Herbalists hold divergent views about the relative properties and uses of the various Echinacea species. Some say E. augustifolia is the best, and others say E. purpurea is the best. E. pallida seems to be caught somewhere in the middle. The truth of the matter is that the three major medicinal species of Echinacea can be regarded as different herbs just as the Chinese herbalists say american ginseng is "cooling" and korean ginseng is "warming" (and thus are used differently).
There is no doubt that the three species have different chemical profiles. One constituent may be abundant in one species and completely absent in another. The trouble with the constituents is that no one is sure which ones are important for health. Echinacosides are often assumed to be important, but there is considerable controversy among scientists whether they or other compounds are responsible for echinacea’s immunostimulatory effects.
Some herbalists say that E. angustifolia is the more potent species. They say it packs more of a punch, and would use it acute situations requiring a strong-acting agent. The same herbalists often prescribe E. purpurea in a more preventative role. E. pallida is commonly blended with the other two main species, less by design than for lack of availability of the other two.
Whatever herbalists or scientists say, the important thing for commercial growers is what the industry will pay. There is no doubt that E. angustifolia commands the highest price of the three species. But price does not translate into profits. E. angustifolia is harder to grow, slower, and more costly to establish than other two species. In addition, it is not suitable for areas that get a lot of rain (E. purpurea is a bit more tolerant of rain).
Just where on the profit and loss column the three species will end up for you is difficult to say without trying them out. We recommend that you start trial plots of the three species and pay attention to the costs of production. When you have root samples to show to buyers you will know how high your price should be.

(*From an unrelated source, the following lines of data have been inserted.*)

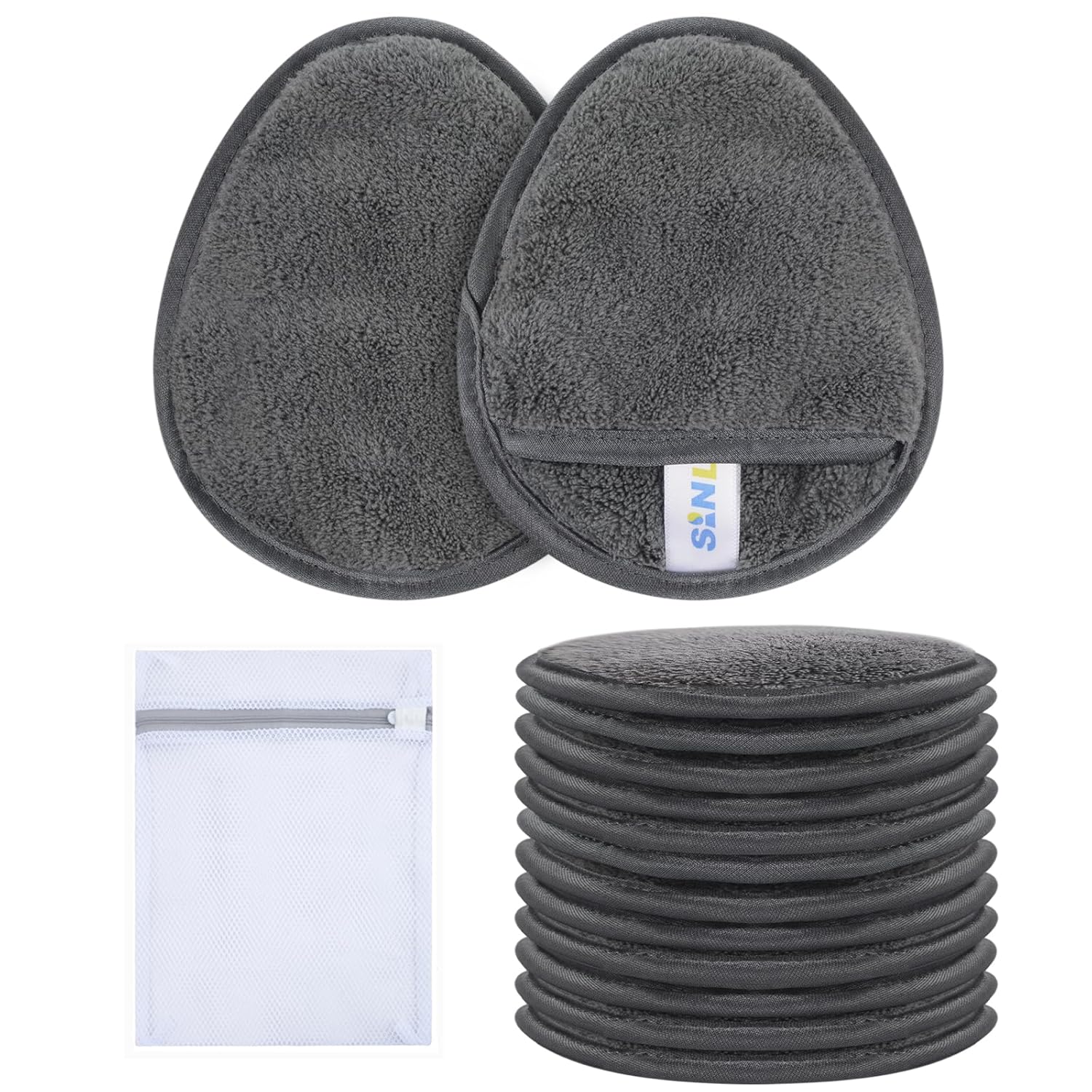 SINLAND Reusable Makeup Remover Pads For Face,Eye,Lips Microfiber Gentle Facial Cleansing Cloths for All Skin Types Friendly for Makeup Remover With Laundry Bag 5.1inchx3.93inch Grey Pack of 12
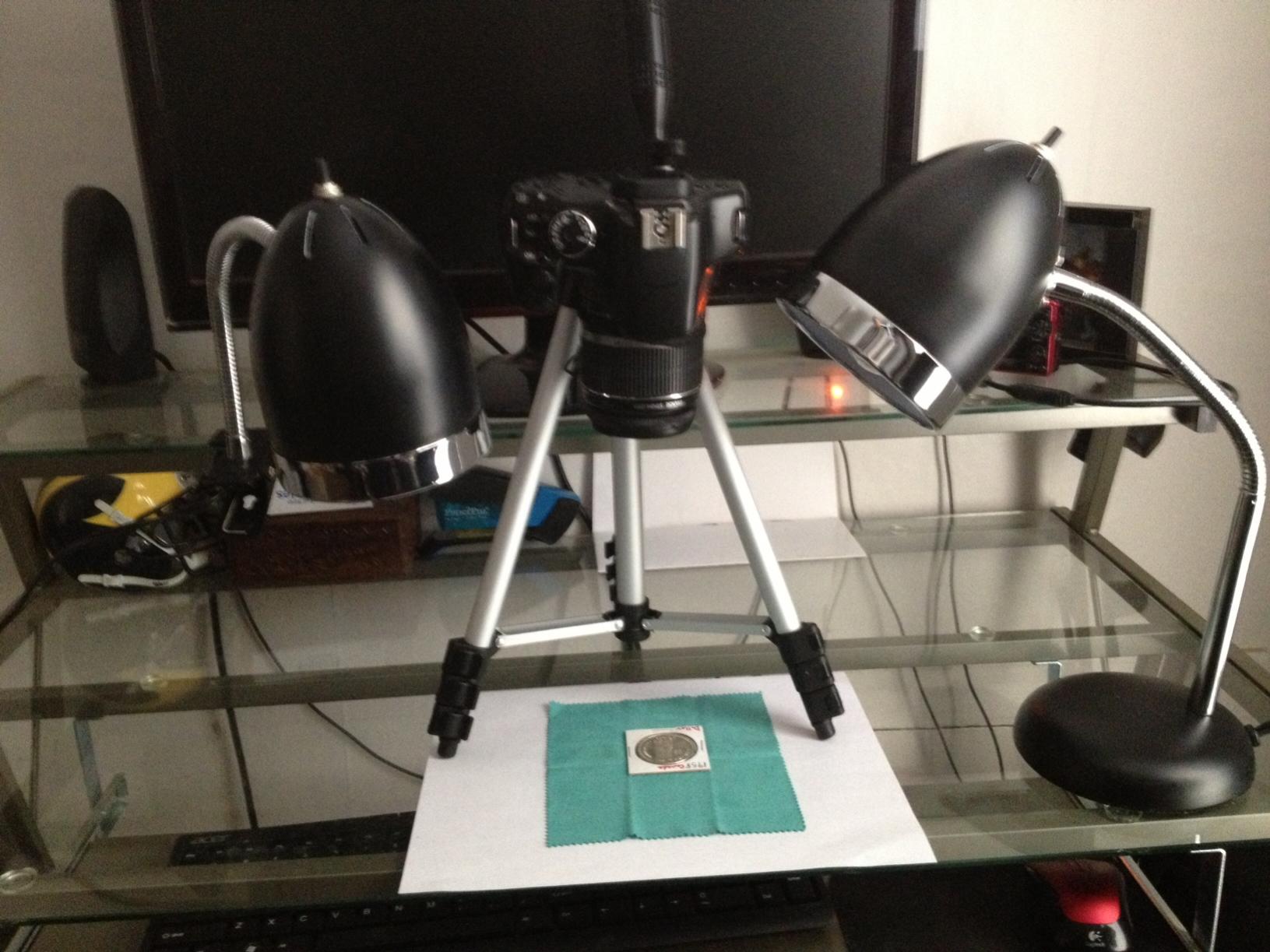 I'm using a Canon Rebel XSi but I owned the XT a few years back. The cameras are pretty similar. This is what my setup looks like. Canon XSi, 50" tripod($20) 2 desk laps($13/each) Bulbs are 43w Halogen Clear with 800 lumens. I took a picture of a similar toned end coin to show how this set up looks. I used the Macro mode to take the pictures. 2 Lights 1 Light
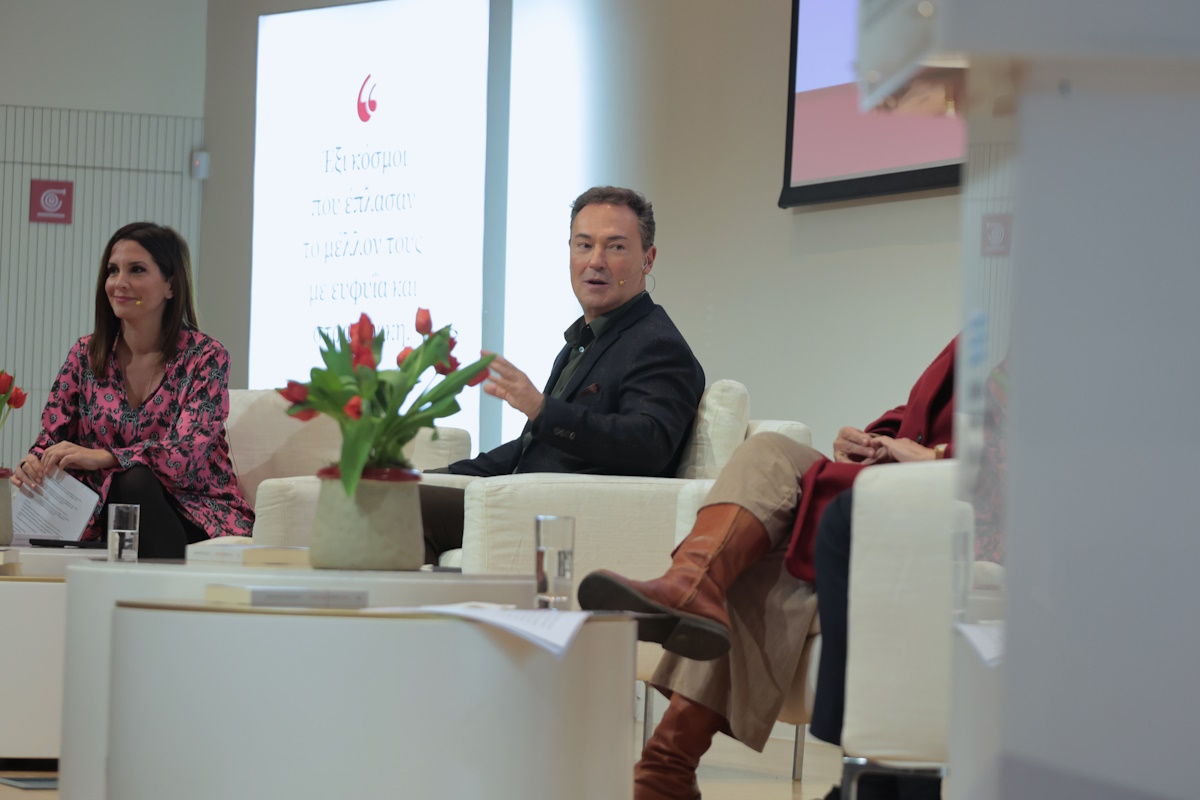Σε μία κατάμεστη αίθουσα, ο Οδυσσέας Αθανασίου αναφέρθηκε στην αγάπη του για την ανάγνωση βιβλίων ιστορίας και γεωπολιτικής, και την περιέργειά του για την τεχνητή νοημοσύνη, την οποία παρακολουθεί με τον ενθουσιασμό.

All three species are 3-4 year crops. E. purpurea yields herb (above-ground foliage) as well as roots. The foliage can be cut in years 2, 3 and 4, and roots harvested in the last year. In Europe, only the herb of E. purpurea is used by some manufacturers. E. pallida and E. angustifolia are both grown for roots only, although there is no reason why some herb could not be harvested from E. pallida. E. purpurea is the easiest to grow, and the most likely to be successful.